Root cause walkthroughs

Fix 1 (binding-flush)

  1. resolveSessionIdToSend mints a fresh UUID via crypto.randomUUID() when useResume=false.
  2. The UUID is passed to claude-cli as --session-id.
  3. buildCliRunResult writes cliSessionBinding.sessionId = output.sessionId ?? context.reusableCliSession.sessionId regardless of whether claude-cli committed an assistant record to disk.
  4. If the subprocess is killed mid-turn — for example, the live-session manager calls closeLiveSession(session, "restart") on fingerprint mismatch (src/agents/cli-runner/claude-live-session.ts:78 and :110) — the .jsonl may exist with only the user/system prelude, no "role":"assistant", or may not exist at all.
  5. Next turn calls claudeCliSessionTranscriptHasContent(sid), finds nothing → invalidatedReason: "missing-transcript" → fresh session, empty memory.

Fix 2 (orphan-tool)

  1. Resume turn N runs successfully through claude-cli; assistant emits a tool_use block (e.g. Bash command).
  2. While the runtime is waiting for the tool to return — gateway restarts (brew upgrade, manual kickstart, etc.) OR claude-live-session.ts:closeLiveSession(_, "restart") fires from an unrelated fingerprint mismatch OR the tool itself hangs.
  3. claude-cli's transcript line for the tool_use is flushed, but the corresponding tool_result user message is never written.
  4. Resume turn N+1 calls claude --resume <sid>; claude-cli loads the JSONL, sees the trailing unanswered tool_use, and waits indefinitely for a tool_result that will never arrive.
  5. After 180s of no streaming output, OC's claude-live-session.ts no-output watchdog kills the subprocess with reason=abort.
  6. The dispatcher sees the empty final payload, emits NO_REPLY, and the user-visible result is silence.
  7. Repeats forever for that session because the binding still points at the dead transcript — the only escape is binding clear.

False-negative window

There's a brief gap between claude-cli closing its stdio and the OS making the JSONL line readable to a separate process.
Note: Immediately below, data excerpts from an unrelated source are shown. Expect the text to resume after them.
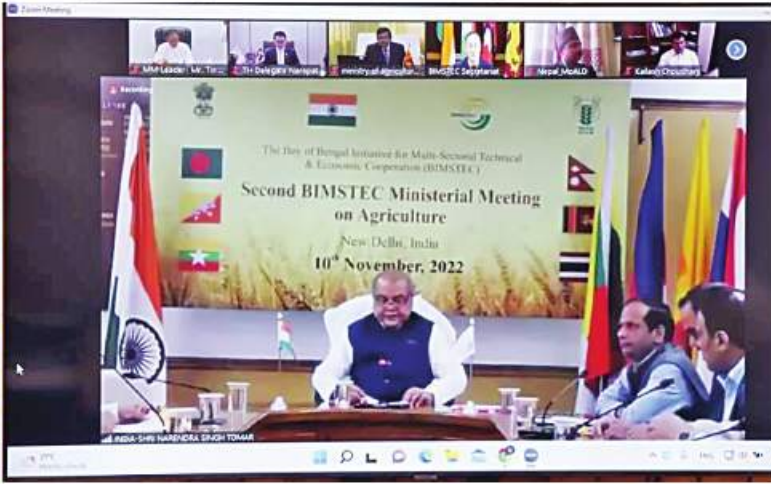
နေပြည်တော် နိုဝင်ဘာ ၁၀
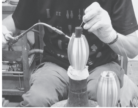
写真 18：間近に見ることができる仕上げ作業
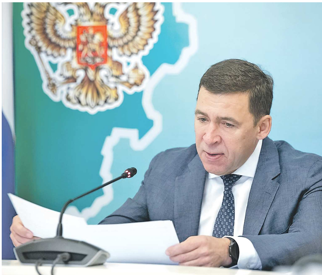
ДЕПАРТАМЕНТ ИНФОРМАТИКИ СВЕРДЛОВСКОЙ ОБЛАСТИ
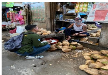
Gambar 7 Wawancara Pedagang
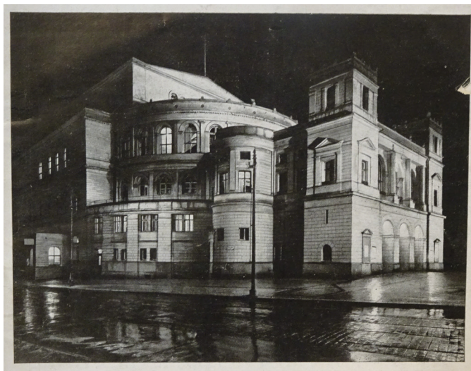
Rycina 6. (?) Kasper. Widok nocny gmachu teatru miejskiego w Szczecinie od północnego zachodu.

Skomplikowaną grę prostych geometrycznych brył tworzących kształt gmachu teatralnego świetnie uchwycił fotograf Kasper podczas wykonywania nocnego zdjęcia w perspektywie od północnego zachodu 22 (ryc. 6). Fotografował budynek deszczową porą, dzięki czemu boczne światło nie tylko wydobywa grę światła i cieni na elewacjach, ale – odbijając się w mokrych powierzchniach chodnika i jezdni – tworzy niezwykle nastroj, potęgowany przez pustkę i ciszę panującą wokół.
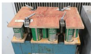
写真 6 合板の蓋

A single-shot probe immediately after the await can race that window and falsely conclude the transcript is empty, which would cause the missing-transcript reset we're trying to prevent.
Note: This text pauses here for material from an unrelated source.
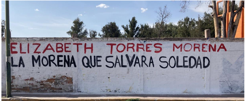
Barda 3. Avenida México en la barda perimetral del Centro Deportivo Ferrocarrilero.

4. En la parte baja del puente vehicular elevado de la Avenida México se localizó una barda de aproximadamente 12 metros de largo por 3 metros de alto pintada con fondo blanco y la leyenda en letras color rojo y negro “LA MORENA QUE SALVARA A SOLEDAD DE GS ELIZABET TORRES” , anexando la siguiente placa fotográfica para mejor referencia:

Fix 1's isCliBindingFlushed handles this with a bounded retry: 3 probes at delays [0, 50, 150] ms (max ~200 ms total scheduled delay). Empirically, the first probe succeeds in the common case, and the retries cover the long tail without serializing the happy path. If all three probes return false the binding is dropped and the next turn starts fresh — which is the correct behavior, since at that point the transcript genuinely isn't there.

Tests

src/agents/cli-runner.binding-flush.test.ts (Fix 1) — exercises isCliBindingFlushed directly via the new injectable-deps seam (setCliRunnerTestDeps / restoreCliRunnerTestDeps, mirroring the existing pattern in src/agents/cli-runner/prepare.ts):

  • returns false without probing for claude-cli with an undefined sessionId
  • returns true on first-probe success
  • retries 3 times before giving up
  • succeeds on a later retry when the transcript becomes visible mid-sequence
  • bounded under 400 ms wall-clock for the full 3-probe sequence (200 ms scheduled + jitter ceiling)
  • returns true without probing for non-claude-cli providers (codex-cli, anthropic, openai)
  • returns true without probing when the provider is undefined

src/agents/command/attempt-execution.test.ts (Fix 2) — exercises claudeCliSessionTranscriptHasOrphanedToolUse against synthetic on-disk JSONL fixtures:

  • returns false when the transcript is missing
  • returns false when the last assistant message has no tool_use
  • returns false when every tool_use has a matching tool_result
  • returns true when the last assistant message has a trailing tool_use without tool_result (the bug repro)
  • returns true when the last assistant has multiple tool_use and at least one is orphaned
  • returns false when an earlier assistant tool_use is unanswered but the last assistant message resolved cleanly (proves it's a TRAILING-orphan check, not a depth-N orphan check)
  • rejects path-like session ids instead of escaping the Claude projects tree

pnpm build && pnpm check clean locally. pnpm vitest run src/agents/cli-runner src/agents/cli-runner.ts src/agents/cli-runner.binding-flush.test.ts src/agents/cli-runner.test.ts src/agents/command/attempt-execution.test.ts src/agents/command/session-store.test.ts → 32 files / 302 tests pass.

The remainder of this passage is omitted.